December 10, 2009 by esarsea
At 23 years young, Joanne Shaw Taylor‘s debut offering White Sugar reminds me why I love guitar-based, power-trio electric blues.
Recorded in Jim Gaines Studio in Memphis, White Sugar features 10 tracks, 9 of which being Taylor originals. Joining Joanne in studio were Steve Potts on Drums and Dave Smith on bass.
White Sugar is a no-nonsense, stripped down and invigorating brand of electric blues, showing Joanne’s named influences of SRV, Albert Collins and Jimi Hendrix. Taylor, who started playing guitar at age 8, handles her Telecaster with ease — guiding it through gentle passages, funky chops, soulful chords and blistering solos — all without a hint of pretense.
Joanne is equal to the task on vocals. Smokey yet silky smooth and articulate. Imagine a mature Susan Tedeschi…somewhat softened and without the hard edge, yet with plenty of power and emotion.
A real bonus to this CD is the light-handed approach to production and engineering. Someone got it right.
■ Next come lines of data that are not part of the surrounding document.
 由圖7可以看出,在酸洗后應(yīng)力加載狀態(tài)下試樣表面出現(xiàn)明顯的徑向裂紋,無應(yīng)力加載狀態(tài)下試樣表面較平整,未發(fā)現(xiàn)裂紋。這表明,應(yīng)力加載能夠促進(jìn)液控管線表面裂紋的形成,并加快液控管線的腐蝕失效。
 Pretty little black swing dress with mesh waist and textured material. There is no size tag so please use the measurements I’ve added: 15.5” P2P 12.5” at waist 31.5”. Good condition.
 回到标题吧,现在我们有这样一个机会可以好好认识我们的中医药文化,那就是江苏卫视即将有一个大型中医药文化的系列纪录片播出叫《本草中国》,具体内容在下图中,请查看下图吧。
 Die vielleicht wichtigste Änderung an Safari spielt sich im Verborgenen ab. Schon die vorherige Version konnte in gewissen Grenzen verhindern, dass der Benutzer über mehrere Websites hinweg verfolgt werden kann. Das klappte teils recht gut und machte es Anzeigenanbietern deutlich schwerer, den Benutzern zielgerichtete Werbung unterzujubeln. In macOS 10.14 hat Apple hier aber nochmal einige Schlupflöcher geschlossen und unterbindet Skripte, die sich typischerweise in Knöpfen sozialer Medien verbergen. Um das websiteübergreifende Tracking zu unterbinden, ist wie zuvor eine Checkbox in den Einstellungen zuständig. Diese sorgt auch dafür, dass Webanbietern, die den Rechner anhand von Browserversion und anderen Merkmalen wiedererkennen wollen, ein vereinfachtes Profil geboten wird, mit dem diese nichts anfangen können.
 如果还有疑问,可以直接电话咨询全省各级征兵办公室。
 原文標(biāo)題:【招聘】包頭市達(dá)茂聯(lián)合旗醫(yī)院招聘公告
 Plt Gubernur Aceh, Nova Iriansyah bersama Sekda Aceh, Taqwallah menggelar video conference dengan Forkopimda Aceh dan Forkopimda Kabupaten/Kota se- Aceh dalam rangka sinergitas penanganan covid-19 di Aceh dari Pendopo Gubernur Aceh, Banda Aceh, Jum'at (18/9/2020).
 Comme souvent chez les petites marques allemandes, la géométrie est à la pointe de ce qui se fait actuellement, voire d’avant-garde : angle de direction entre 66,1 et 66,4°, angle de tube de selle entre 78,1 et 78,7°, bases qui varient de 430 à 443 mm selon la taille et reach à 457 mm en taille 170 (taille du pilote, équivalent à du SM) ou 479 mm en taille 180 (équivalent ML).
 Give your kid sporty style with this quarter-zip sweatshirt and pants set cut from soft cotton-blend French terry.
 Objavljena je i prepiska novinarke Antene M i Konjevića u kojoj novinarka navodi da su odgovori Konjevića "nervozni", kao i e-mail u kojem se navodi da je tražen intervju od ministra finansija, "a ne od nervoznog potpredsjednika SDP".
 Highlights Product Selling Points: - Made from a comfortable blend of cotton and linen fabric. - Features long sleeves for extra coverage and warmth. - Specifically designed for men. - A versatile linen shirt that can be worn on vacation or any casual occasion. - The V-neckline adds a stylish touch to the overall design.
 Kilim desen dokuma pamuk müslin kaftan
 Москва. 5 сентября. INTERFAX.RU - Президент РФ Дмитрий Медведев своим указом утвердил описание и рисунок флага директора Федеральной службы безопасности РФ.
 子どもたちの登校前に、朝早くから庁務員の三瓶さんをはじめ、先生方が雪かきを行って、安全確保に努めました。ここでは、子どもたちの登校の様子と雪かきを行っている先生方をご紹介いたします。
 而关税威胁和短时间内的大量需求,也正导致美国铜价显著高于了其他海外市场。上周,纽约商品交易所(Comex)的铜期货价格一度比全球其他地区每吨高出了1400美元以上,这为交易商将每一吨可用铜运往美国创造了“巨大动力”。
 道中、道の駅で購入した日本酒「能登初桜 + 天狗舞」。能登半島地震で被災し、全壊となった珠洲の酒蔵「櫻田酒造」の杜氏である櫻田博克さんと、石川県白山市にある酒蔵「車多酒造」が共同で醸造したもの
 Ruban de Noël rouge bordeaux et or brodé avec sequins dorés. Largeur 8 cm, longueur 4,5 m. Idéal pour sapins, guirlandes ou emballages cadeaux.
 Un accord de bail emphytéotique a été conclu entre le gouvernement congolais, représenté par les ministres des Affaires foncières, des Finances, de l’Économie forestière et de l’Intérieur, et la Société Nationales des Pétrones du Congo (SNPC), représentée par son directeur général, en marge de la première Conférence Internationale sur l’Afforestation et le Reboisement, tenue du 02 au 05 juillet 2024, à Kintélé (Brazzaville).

Rather than put out an overly-balanced and compressed uni-level recording that promotes passive listening and which holds the listener at arms length, White Sugar is a very live sounding record that invites the listener in. There’s a lot of open space on this CD where one can crawl inside and get comfortable with it, and other places where you just hang on and enjoy the ride. The end result is a living, breathing musical experience that plays for and with you, not at you.
As debut albums go, White Sugar compares favorably to Joe Bonamassa’s debut release, A New Day Yesterday — albeit lacking some of Joe’s fretboard prowess. But that’s not what Joanne Taylor Shaw is about. Her guitar playing is great, but it’s more about the overall vibe and feel with her…and it feels really, really good.
I’m half tempted to fire up the whole Street Team thing again. We’ll see.
White Sugar was released on Germany’s Ruf Records (pronounced “roof”) in February 2009 — the same label as Anysley Lister, Coco Montoya, Ana Popovic, Walter Trout, Robin Trower, the late Jeff Healey and others.
Pick up a copy – you’ll be glad you did.